I've heard people try to claim that certain colors are somehow "stronger" than others. That is nonsense. It doesn't matter what color which rabbit is, the results are random. When we say that breeding the black offspring of a blue and a black (in other words, a rabbit that is heterozygous for dilute) to a blue (homozygous for dilute) gives you a 50/50 chance of producing a blue, that means that every baby that pair produces has a 50% chance of being blue. It does not mean that every litter they produce will be half blues, and half blacks. It doesn't even mean that the lifetime production of that pair will be half blue and half black. Now, if you could somehow get that pair to produce 1000 babies, roughly 500 would be blue, and the remainder black, but a sample group as small as what they would be likely to produce could be skewed strongly one way or the other, and still be considered "normal"  statistically.


----------



## Ms. Research (Jan 9, 2012)

Bunnylady said:
			
		

> Can't help you with the mane thing, because I have no experience with Lionheads. Don't want any, either - seen too much trouble with them locally. (suspect bad local breeders)
> 
> But on the matter of color - that I do know a bit about.
> 
> ...


Thank you so much for this education on color.    It's been a huge help.

K


----------



## DKRabbitry (Jan 9, 2012)

That was a great explination bunnylady!

I am just going to go ahead and say "Ditto" to that!

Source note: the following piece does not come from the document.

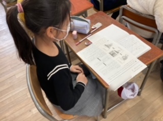 3年生が国語「モチモチの木」を学習しています。この学習では、想像したことを伝え合うことがねらいです。ワークシートを使って学習しました。

If it were me, just starting out, knowing what I know now... I would go with the Blues & Blacks at first.  Then, if you like breeding and everything and want to do some experimenting, do so.  I found that it is much easier to have a bigger herd to experiment.  If you breed "safer" colors where you know pretty much what you will get, you don't end up with as many wasted, not showable rabbits.  We had a lot of meat rabbits that were just off colors from wanting to see what happened when X was bred to Y.


----------



## SmallFarmGirl (Jan 9, 2012)

Good luck with the bunnies and all the wonderful colors!!


----------



## Ms. Research (Jan 9, 2012)

DKRabbitry said:
			
		

> That was a great explination bunnylady!
> 
> I am just going to go ahead and say "Ditto" to that!
> 
> If it were me, just starting out, knowing what I know now... I would go with the Blues & Blacks at first.  Then, if you like breeding and everything and want to do some experimenting, do so.  I found that it is much easier to have a bigger herd to experiment.  *If you breed "safer" colors where you know pretty much what you will get, you don't end up with as many wasted, not showable rabbits.*  We had a lot of meat rabbits that were just off colors from wanting to see what happened when X was bred to Y.

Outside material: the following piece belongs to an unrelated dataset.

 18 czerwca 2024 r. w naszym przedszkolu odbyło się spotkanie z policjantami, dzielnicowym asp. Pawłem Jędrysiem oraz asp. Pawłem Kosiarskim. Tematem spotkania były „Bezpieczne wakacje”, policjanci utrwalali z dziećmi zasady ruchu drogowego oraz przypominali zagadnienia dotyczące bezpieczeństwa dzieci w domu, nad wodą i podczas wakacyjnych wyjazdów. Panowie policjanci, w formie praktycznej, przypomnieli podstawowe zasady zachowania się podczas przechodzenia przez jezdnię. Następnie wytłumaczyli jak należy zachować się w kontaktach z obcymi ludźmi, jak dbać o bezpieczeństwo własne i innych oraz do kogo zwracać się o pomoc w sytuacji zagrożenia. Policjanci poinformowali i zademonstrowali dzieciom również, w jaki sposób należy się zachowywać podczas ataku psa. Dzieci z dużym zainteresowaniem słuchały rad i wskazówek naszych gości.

Starting out with a buck and two does.  You hit the nail on the head .. playing it safe.   Blue and Blacks.    Now I know what colors I want. 

But most importantly double manes, no problems with teeth due to being a smaller size, good conformation.  

then safe colors.  

Now I'm really hoping that one of those blues are a buck.

Thanks DKRabbitry for your input.  Appreciate it.  

K


eta:  I'm well aware that Lionheads are not recognized by ARBA.  But hopefully one day they will.


----------



## DKRabbitry (Jan 9, 2012)

Got my fingers crossed that you get the sexes you want in the colors you want with no visits from the sex-change fairy after they are home!


----------



## Ms. Research (Jan 9, 2012)

DKRabbitry said:
			
		

> Got my fingers crossed that you get the sexes you want in the colors you want with no visits from the sex-change fairy after they are home!


lol.  Thanks. 

Didn't even think of that.  lol  

K


----------